What is expected -> Type out the data exactly as given. Skip any image.

Provided data ->
/---

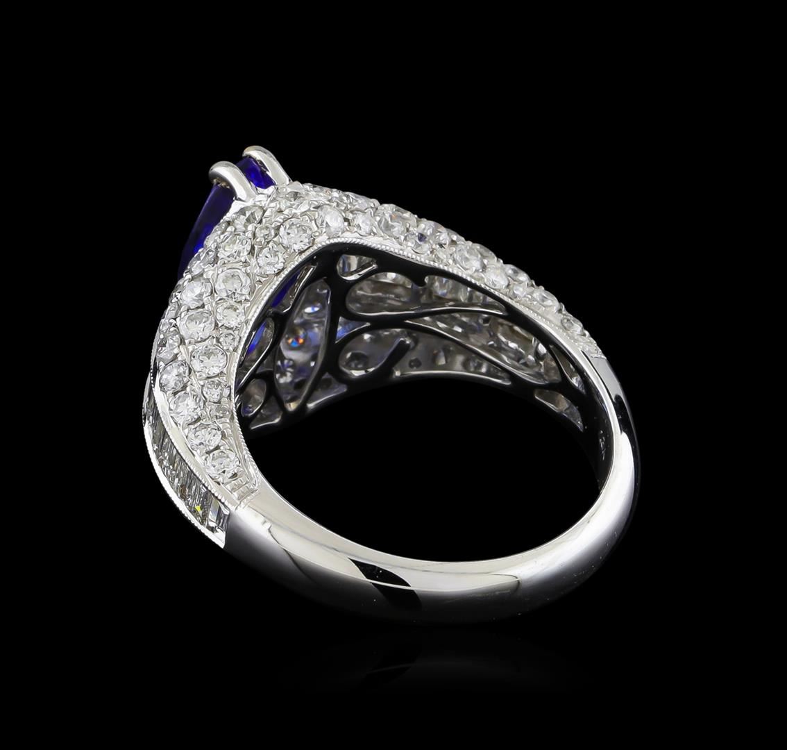 One electronically tested 18KT white gold ladies combination cast & assembled prong set ring with a bright polish finish. Identified with markings of "750". Condition is new. Containing: One prong set marquise modified brilliant cut natural tanzanite, measuring 12.66 x 7.23 x 4.70mm, approximate weight of 2.74ct., clarity is eye clean, type I, medium dark, moderately strong, bluish violet color, (GIA bV 6/4), cut is good. Ninety-Four prong set round brilliant cut diamonds, measuring 1.60 - 1.60 x 0.96mm (depth est.) approximate total weight of 94 Stones = 1.54ct. Clarity: SI-1. Color: I, Cut is Good. Twenty-Two channel set baguette cut diamonds, measuring 2.00 x 1.50 x 1.28mm (depth est.) approximate total weight of 22 Stones = 0.92ct. Clarity: VS-2. Color: I, Cut is Good. Colored gemstones are presumed to have been subjected to commonly used enhancement processes. All diamonds and colored gemstones are graded in the mounting, unless otherwise stated. Total Weight of Colored Stones 2.74ct. Total Weight of Diamonds 2.46ct. Total Weight of Ring 7.20 grams. GGL Appraised at $12,940.00.
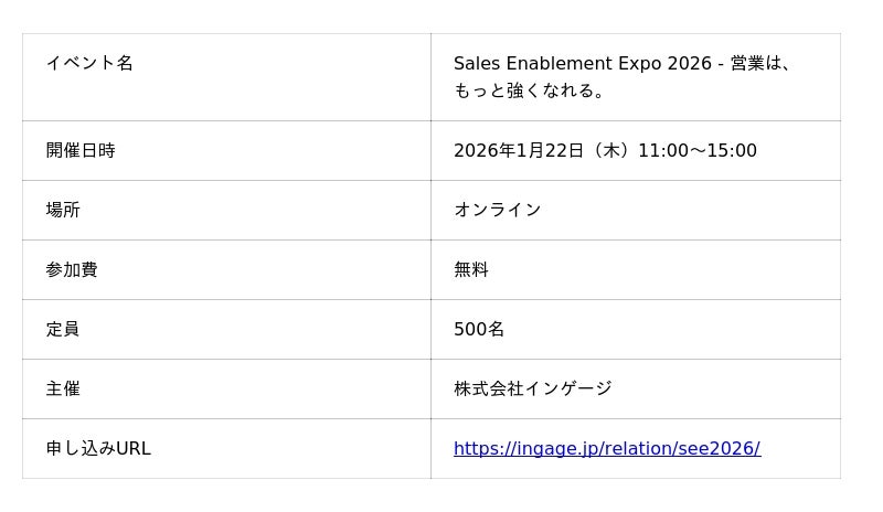 この「仕組み化」と「AI活用」をさらに深掘りするオンラインイベントを、1月22日(木)に開催いたします。2026年の営業戦略をアップデートし、持続的な成長を実現するための具体的なヒントをお届けします。
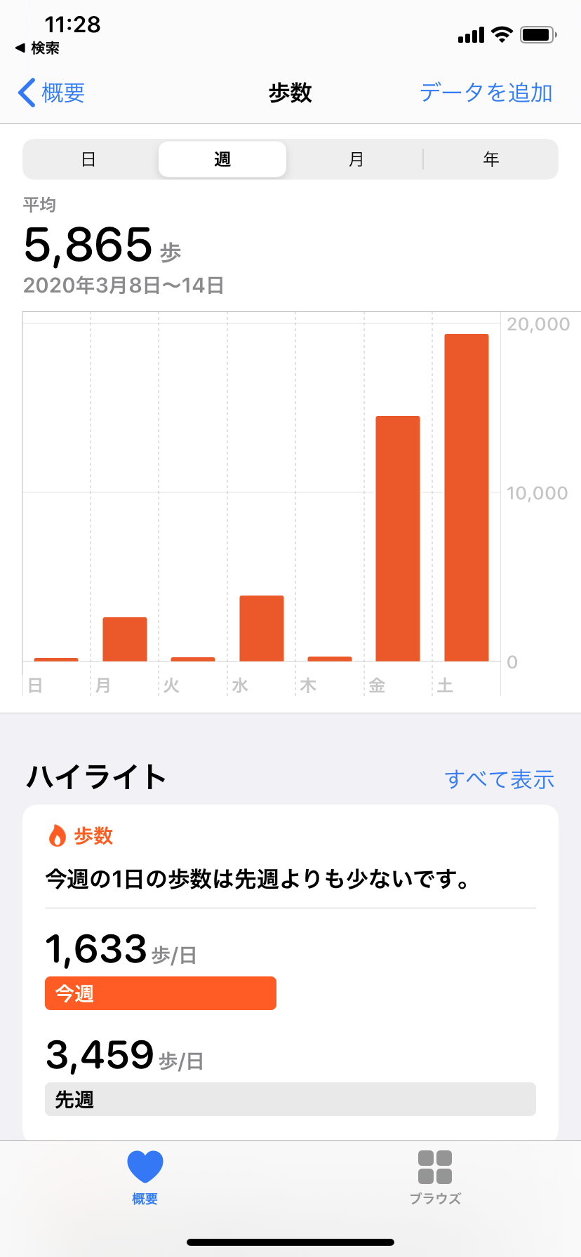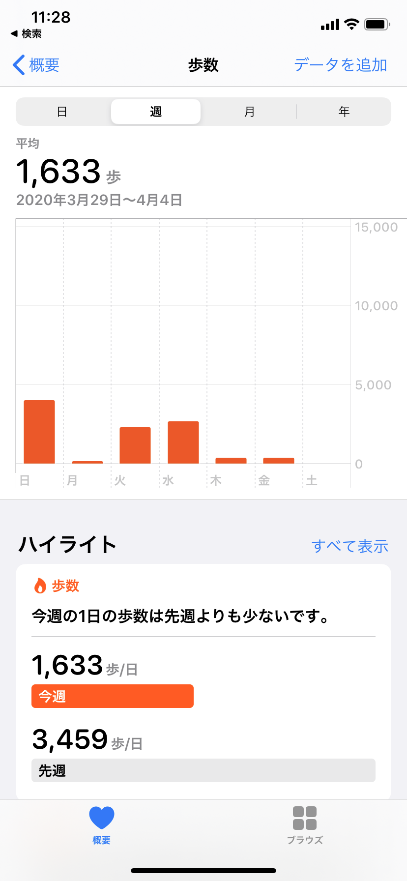 自宅で家事などをするときも近所のスーパーに行くときも基本的にiPhoneは持ち歩いているので、本当に驚くほど歩数が減っていることがわかります。

\---

Solution to the exercise ->
 One electronically tested 18KT white gold ladies combination cast & assembled prong set ring with a bright polish finish. Identified with markings of "750". Condition is new. Containing: One prong set marquise modified brilliant cut natural tanzanite, measuring 12.66 x 7.23 x 4.70mm, approximate weight of 2.74ct., clarity is eye clean, type I, medium dark, moderately strong, bluish violet color, (GIA bV 6/4), cut is good. Ninety-Four prong set round brilliant cut diamonds, measuring 1.60 - 1.60 x 0.96mm (depth est.) approximate total weight of 94 Stones = 1.54ct. Clarity: SI-1. Color: I, Cut is Good. Twenty-Two channel set baguette cut diamonds, measuring 2.00 x 1.50 x 1.28mm (depth est.) approximate total weight of 22 Stones = 0.92ct. Clarity: VS-2. Color: I, Cut is Good. Colored gemstones are presumed to have been subjected to commonly used enhancement processes. All diamonds and colored gemstones are graded in the mounting, unless otherwise stated. Total Weight of Colored Stones 2.74ct. Total Weight of Diamonds 2.46ct. Total Weight of Ring 7.20 grams. GGL Appraised at $12,940.00.
 この「仕組み化」と「AI活用」をさらに深掘りするオンラインイベントを、1月22日(木)に開催いたします。2026年の営業戦略をアップデートし、持続的な成長を実現するための具体的なヒントをお届けします。
 自宅で家事などをするときも近所のスーパーに行くときも基本的にiPhoneは持ち歩いているので、本当に驚くほど歩数が減っていることがわかります。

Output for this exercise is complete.